How SaaS Can Improve the Security of Cloud Computing

cloud computing

With the recent surge in the use of cloud-based platforms, the demand for Software-as-a-Service (SaaS) is on a constant rise for the last few years. SaaS is a cloud-based solution that allows users to access software without actually having to download or install it. A SaaS provider works to have maintenance and security operations done within their platform. 

This cloud solution is among the multiple subscription offers under specific cloud categories such as infrastructure-as-a-service and platform-as-a-service. The main reason why SaaS has grown so popular with major institutions is that it eliminates the need for acquiring infrastructure essential for housing servers for use by the staff. 

It is projected that by the end of 2020, the SaaS market will be worth about $157 billion with significant advancements in cloud computing all over the world. This is almost twice what it was worth in 2014. Among the most popular SaaS programs include Cisco Webex, Microsoft Office 365, Adobe Creative Cloud,, and Box. Other software brands have since turned to cloud computing, offering SaaS, including Oracles Financials Cloud.

SaaS Cloud Security

Cloud security is among the essential foundations on which SaaS is based. The service provider’s job is to ensure that the application, network, and infrastructure stays within the safety protocols. There are also provisions for VPN solutions for SaaS as per the data from this VPN Testing Website

This is because the provider isn’t entirely obligated to ensure the security of user data. It is up to the customer to make sure they do this. Some examples of SaaS practices exist to help users shield their data from possible breaches.
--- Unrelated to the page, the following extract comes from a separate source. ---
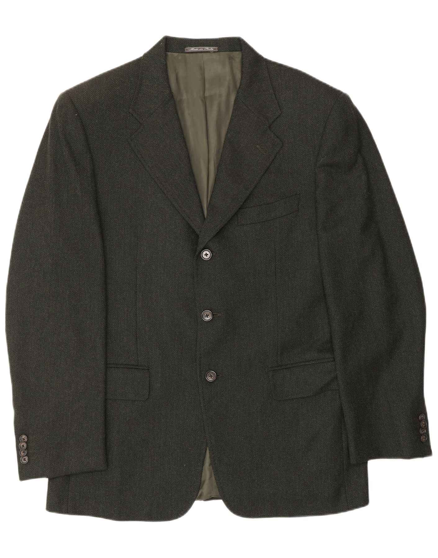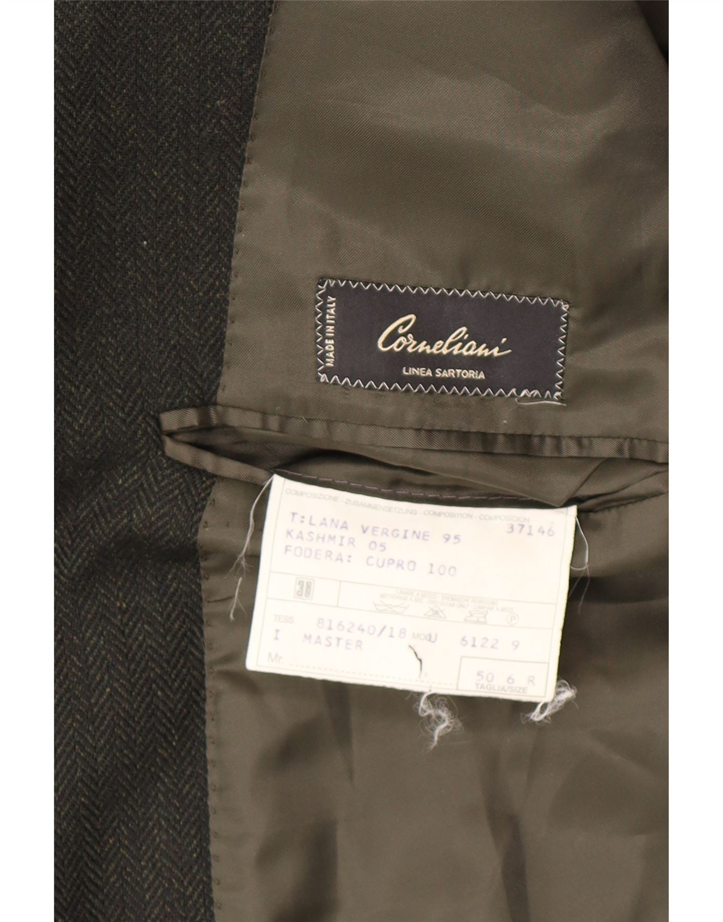 CORNELIANI Męska marynarka zapinana na 3 guziki IT 50, duża, zielona wełna w jodełkę

Below are some of the ways that are widely adopted across various institutions.

Faulty & Rogue Account Detection

Presently, the standard cloud services used by a single organization stands at 1,935. However, most tech departments reveal that they only utilize a fraction of these services. A section of them is usually flagged as risky. Cloud Access Security Brokers (CASB) is a tool that these institutions use to look for suspicious cloud services. They can also be used to identify accounts that may have been compromised.

Cloud Data Encryption

data encyption

Encrypting cloud data essentially involves masking vital information that is under storage or in transmission. The data channel runs between the cloud application and the user. It is expected that in 2020, revenue from cloud-based services will rise to $364 billion. Encryption is pretty much what reputable VPN service providers do, you can read a review of NordVPN here. In most countries, it is required by law that all private information remains encrypted. 

Confidential data ranges from Personal Identifiable Information (PII), healthcare credentials to banking details. SaaS providers often give a layer of data encryption to help with protection on the cloud-based systems. Various institutions go the extra mile and do their own encryption through tools such as CASB.

Identity and Access Management

SaaS provides an Identity ad Access Management (IAM) to limit access to specific resources that they may not need. It does this by utilizing particular policies that seek to shed more light on what a user can and cannot view. 

This is what most institutions use to restrict access by whitelisting only the staff members with clearance for access. Ultimately, the integrity and security of cloud-based data are maintained. 

Data Loss Prevention Protocols

data security

Data Loss Prevention programs (DLP) come quite in handy when sorting through any sensitive information. It verifies data exchanges to make sure that none of the information is private. 

When it comes across sensitive information, it restricts transmission, which is useful in limiting data leaks. DLP also halts any attempted downloads to external devices and shields access to information by malware or suspicious activity.